I was persuaded to read this book by two friends as we all wanted to discover the nature of the ‘terrible event’ alluded to on the back cover. However, I don’t feel I drew the shot straw in having to do the actual reading – it was a breathless delight I would have hated to miss.
It’s a little difficult to tell you what the book is ‘about’ as few of the characters are named. Basically, there are two narrative strands. The first is tied to one street of a city on a hot, summer’s day. There’s an injured man caring for his daughter. Students are returning from a party. A young man reaches for eye-drops. A family gets breakfast. The characters are identified as ‘the man from number twenty-two’ and, at first, it was hard to remember who was who. I soon realised that who lived in what house wasn’t really important though and found my way through the text by virtue of each character’s unique identifier – age, moustache, illness.
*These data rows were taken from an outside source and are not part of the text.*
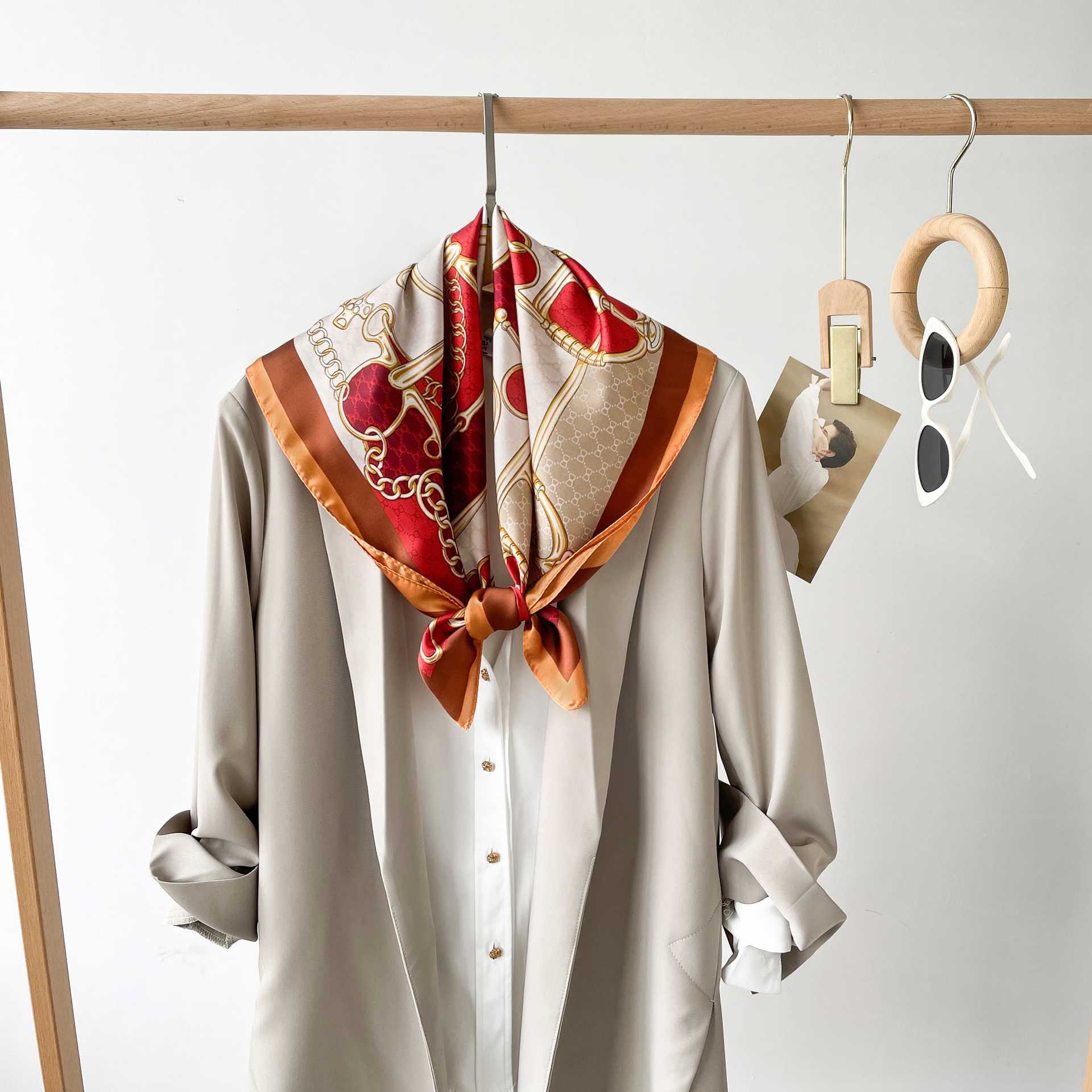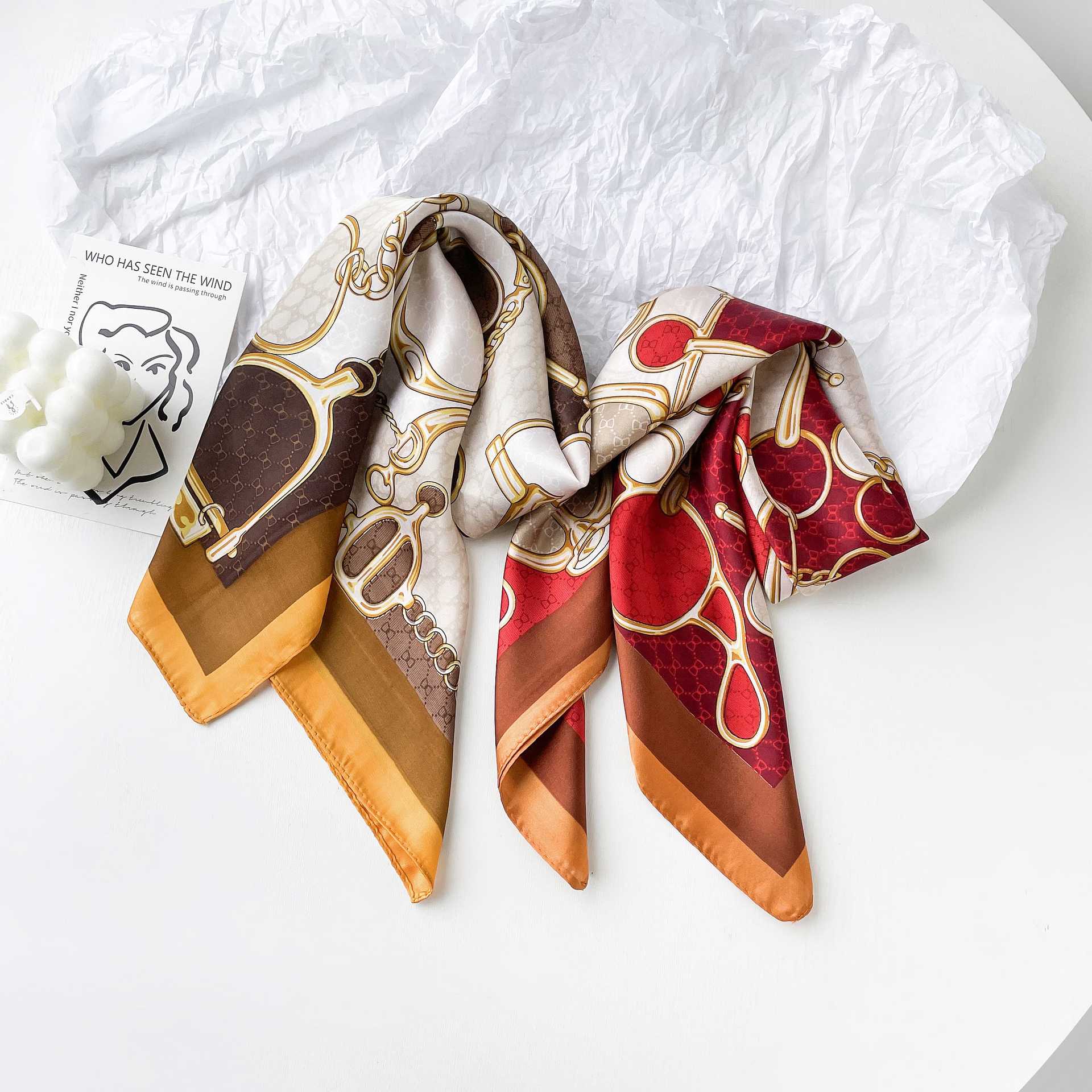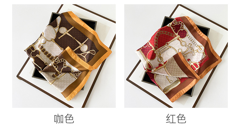 국경 간 커피 컬러 실크 스카프 여름 태양 보호 스카프 컬러 매칭 실크 스카프 70cm 시뮬레이션 실크 여성 작은 사각형 스카프 도매스토어 가기
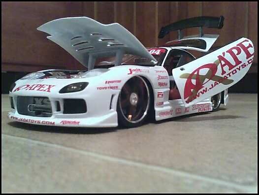 i picked up a jadatoys rx-7 today for about 25 dollars and all i could really think to do to it was to convert the doors to lambo style. that's all the mods it has right now. if you would like to suggest any other mods, see more pictures, or comment on my work then please do!
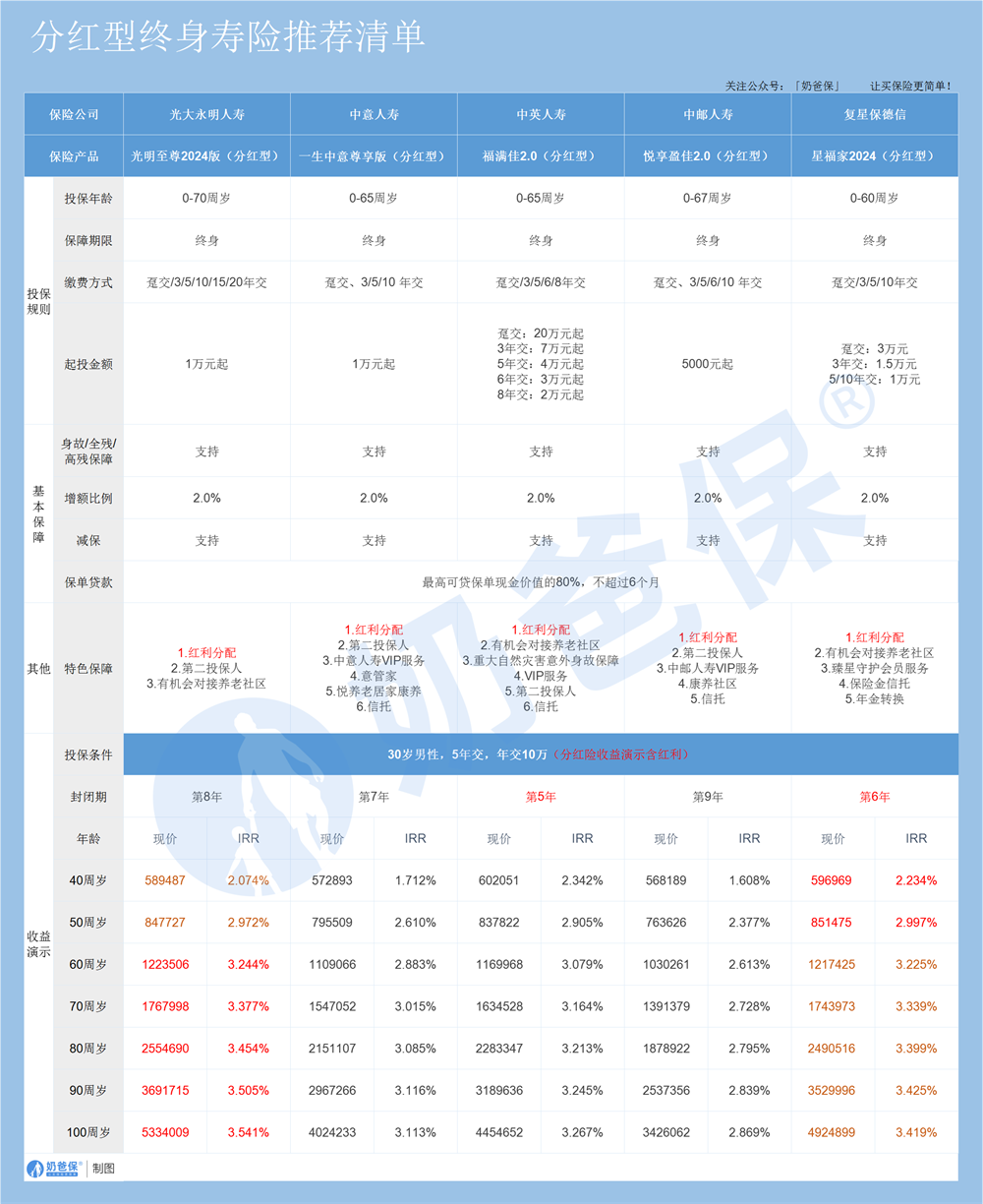 奶爸分别整理了5款,总共10款增额终身寿险产品,带大家深入了解。
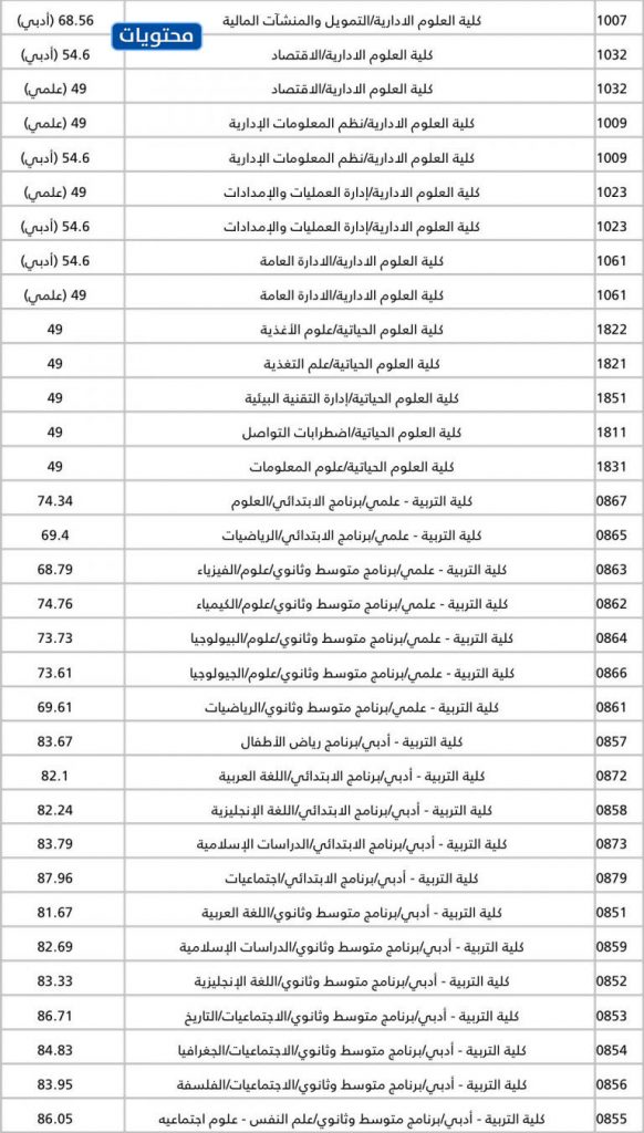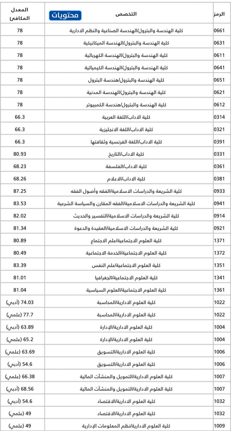 معدلات القبول لكليات جامعة الكويت كالتالي:
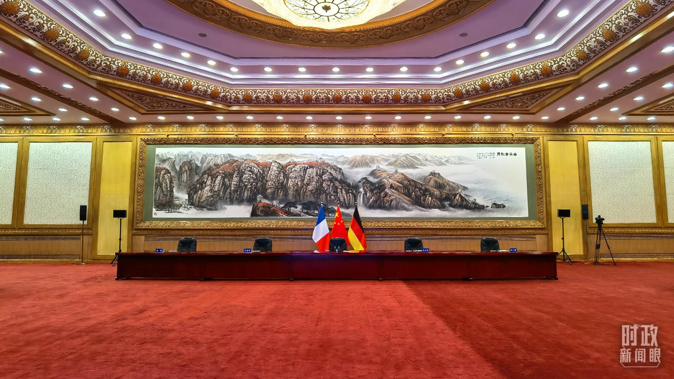 △視頻峰會(huì)現(xiàn)場(chǎng)擺放的中法德三國(guó)國(guó)旗。(總臺(tái)央視記者范一鳴拍攝)
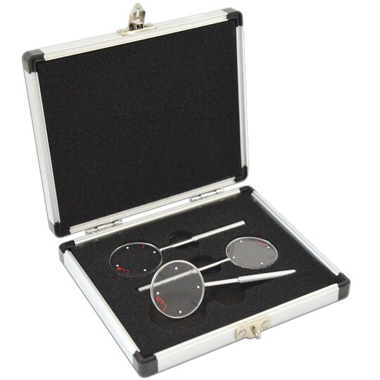 Set of 3 Jackson Cross Cylinders in a metal box with 0.25, .50 and 1.00 lenses. Used to determine orientation of astigmatism correction, the power of the astigmatism correction and the axis. Lenses are 35mm with axis markings and handles are 70mm long.
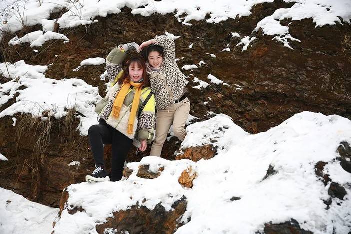 薄冰覆盖的溪流,涓涓细流结成千姿百态的冰挂好似细细的琴弦演奏太阳湾专属的冬日乐章。
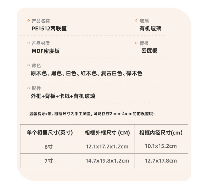 | Frame size | 6inch (can hold 10.1*15.2cm),7inch (can hold 12.7*17.8cm) |
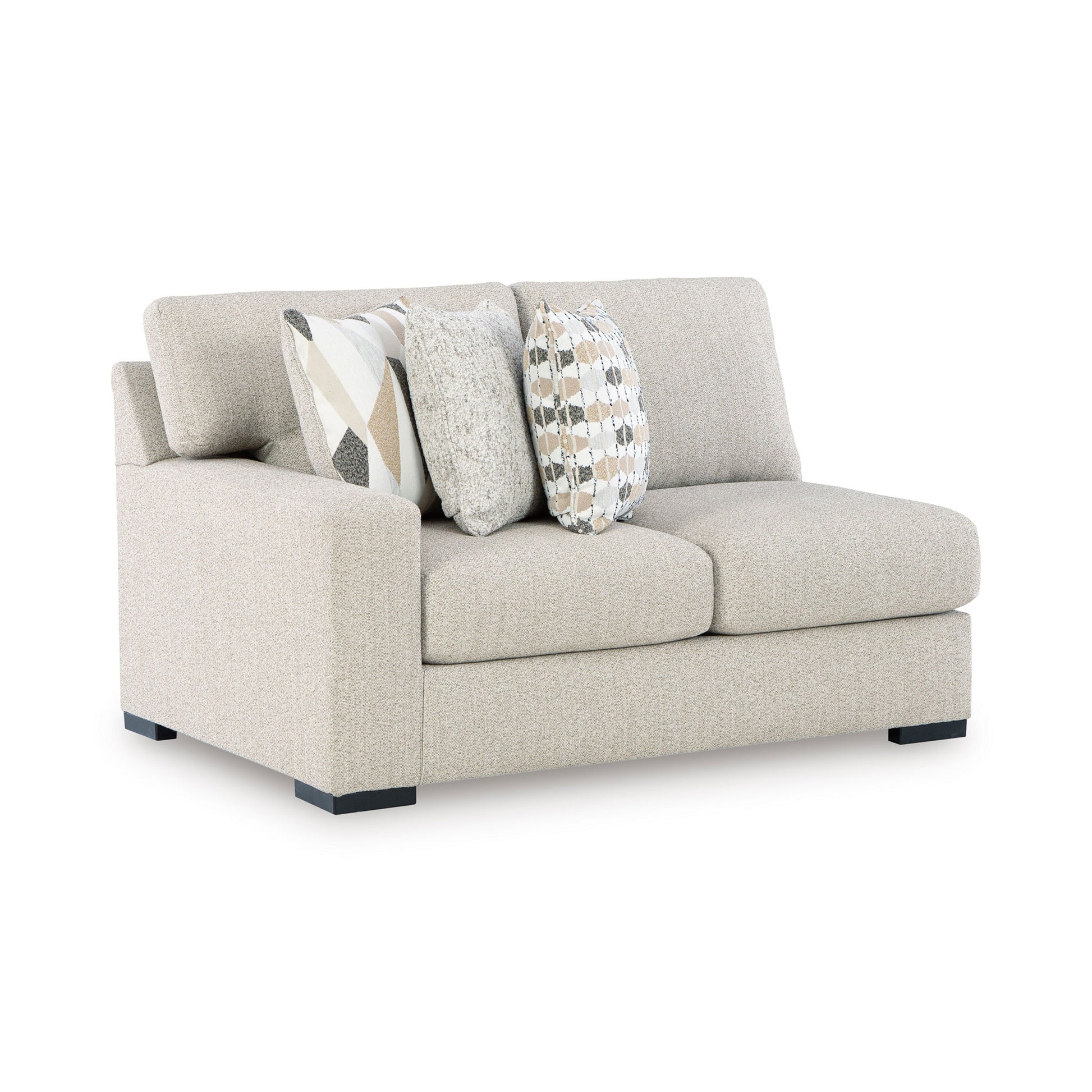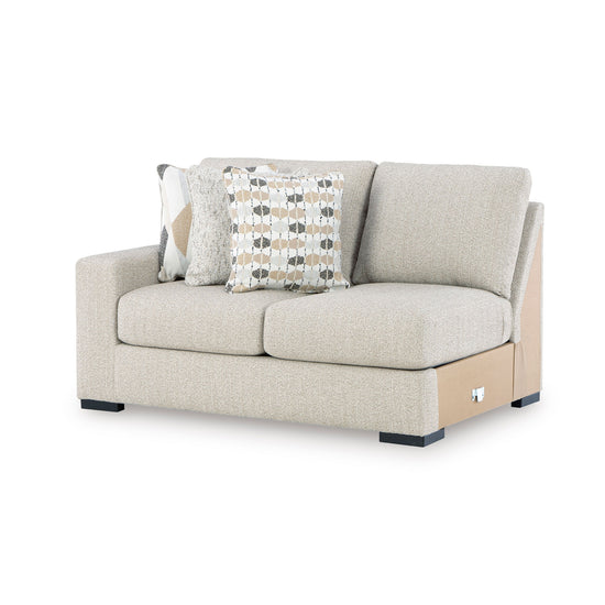 This left-arm facing loveseat is made with Next-Gen Nuvella™ (polyester) fade-resistant, washable fabric. Pairs with other items in the series to make a sectional.
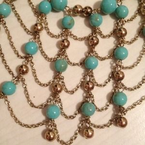 Bright teal blue and gold. Barely worn. Lies at breastbone but adjustable lobster clasp. Great condition.
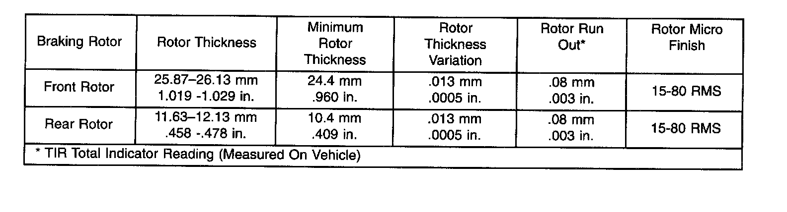 NOTE: All rotors have markings for minimum allowable thickness cast on an un-machined surface of the rotor.
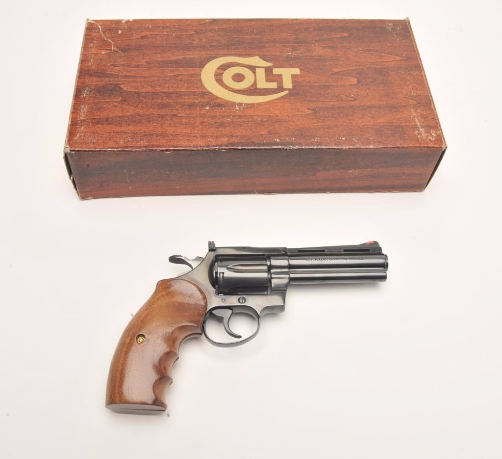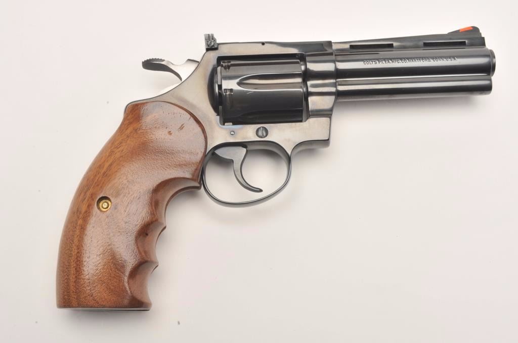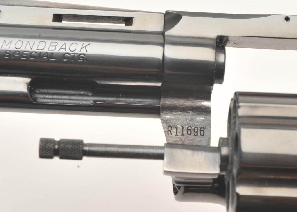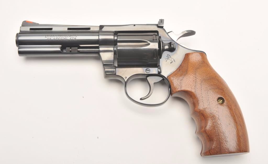 Colt Diamondback Model DA revolver, .38 Special, 4” ventilated rib barrel, blued finish, custom finger groove wood grips, S/N R11696, in overall fine to excellent condition showing slight use and handling;accompanied by factory wood grain cardboard box with inserts and end label numbered to this gun. (Modern/PPT). Est.: $1,000-$1,800.
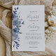 Der links Rand dieser romantischen Hochzeitseinladung ist mit einem Blumenstrauß in Aquarelltönen mit staubblauen Blumen und Pflanzen geschmückt. Der anpassbare Text kombiniert Handschrift, Copperplate und kursiv Schriftart in staubblau und kohlegrau auf weißem Hintergrund. Die Rückseite ist ein koordinierend solides staubiges Blau.
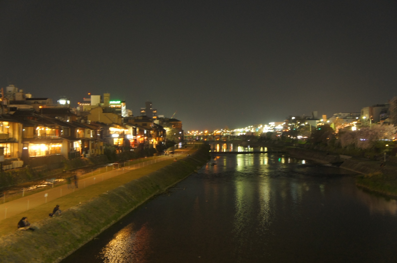 橋の上からの鴨川も素敵ですよ、桜も咲いていて♪
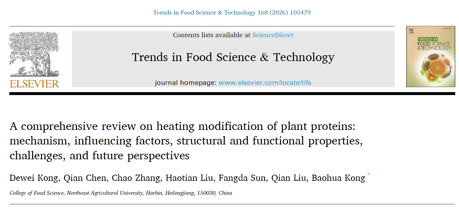 随着植物蛋白市场需求的持续增长及其在加工应用中面临的功能性挑战,加热物理修饰技术日益成为提升植物蛋白品质的重要途径。2025年12月,博士研究生孔德薇作为第一作者、孔保华教授作为通讯作者,在《Trends in Food Science & Technology》(论文链接:https://doi.org/10.1016/j.tifs.2025.105479)上发表了题为“A comprehensive review on heating modification of plant proteins: mechanism, influencing factors, structural and functional properties, challenges, and future perspectives”的综述论文,该论文系统综述了传统加热、挤压加热以及电/电磁场加热技术(包括微波、射频、欧姆加热)对植物蛋白的作用机制、影响因素,及其对植物蛋白结构与功能特性的调控效果,为植物蛋白的结构设计与食品加工应用提供了新的思路与理论依据。本研究得到“十四五”国家重点研发计划项目的资助。

The second strand visits one of the street’s residents at a point in the future. She has moved away. She’s lost touch with friends. She’s lost. And it’s really impossible to say more without spoiling your reading – and I do heartily recommend that you read this book for yourself.
Mr McGregor’s writing is beautiful and reminded me of Michael Ondaatje’s The English Patient in tone and pacing. I seemed to float from one scene to the next, from one narrative to the next as he drew me inexorably onwards to that terrible conclusion. There is a ‘terrible event’. But you will have to find out about it foryourself!